A Watershed Year
Page 16
Trees, she noticed as they walked from the parking lot to the education building, were a rare commodity. Efforts had been made, obviously in the recent past, to paint some of the downtown buildings in painfully bright colors—gaudy yellows, oranges, and blues. But a dark-gray soot covered most of the other buildings, continually replenished with exhaust from the flimsy-looking cars that darted between potholes and around pedestrians like insects.
A half hour later, they emerged from the Department of Education building with their paperwork stamped and an appointment to see Mat that afternoon. Lesta had asked her for a hundred dollars to give to the clerk, which apparently went into the clerk’s pocket. But Lucy wasn’t about to complain if it got her closer to taking Mat home. She’d hand out hundred-dollar bills to everyone she met on the street if that’s what it took.
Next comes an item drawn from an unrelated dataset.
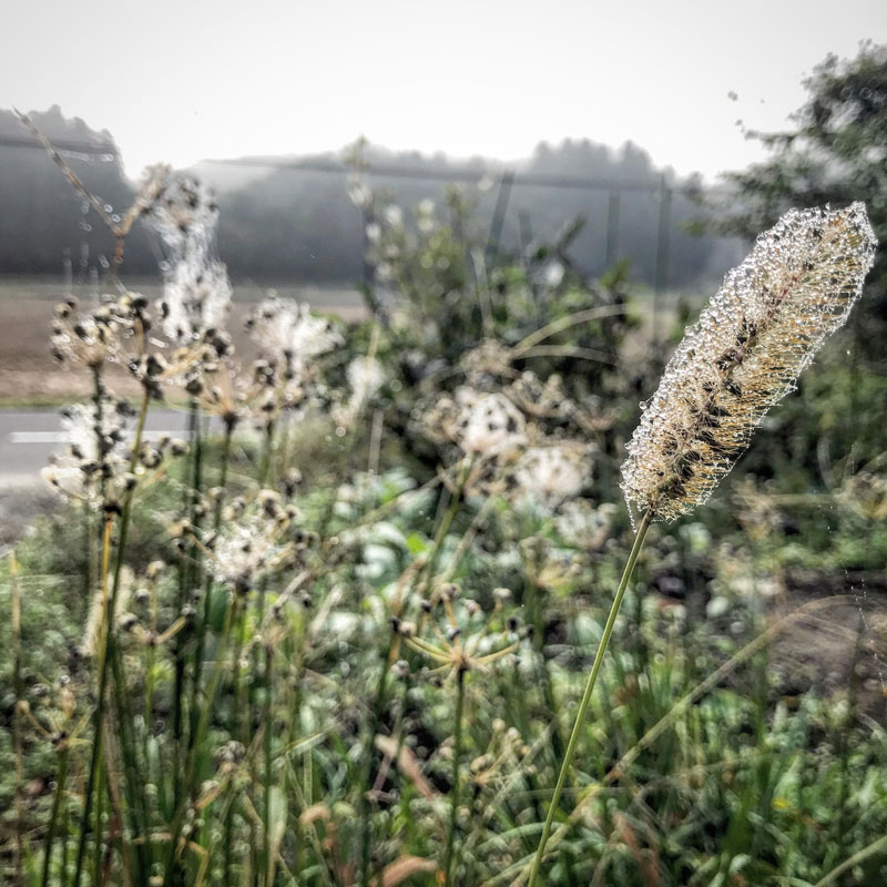 蜘蛛と植物と朝靄のコラボレーション。#庭の猫の額畑

She felt a cold sweat break out on her forehead, all the hours of anxiety and anticipation merging into a feverish peak. This would be the day she would meet her son, hear his voice, maybe even hold him and feel the warmth of his breath. She felt a sudden panic, remembering that her gifts for the children’s home and her list of medical questions were back at the hotel.
“Do we have enough time to go back so I can get a few things?” she asked Lesta.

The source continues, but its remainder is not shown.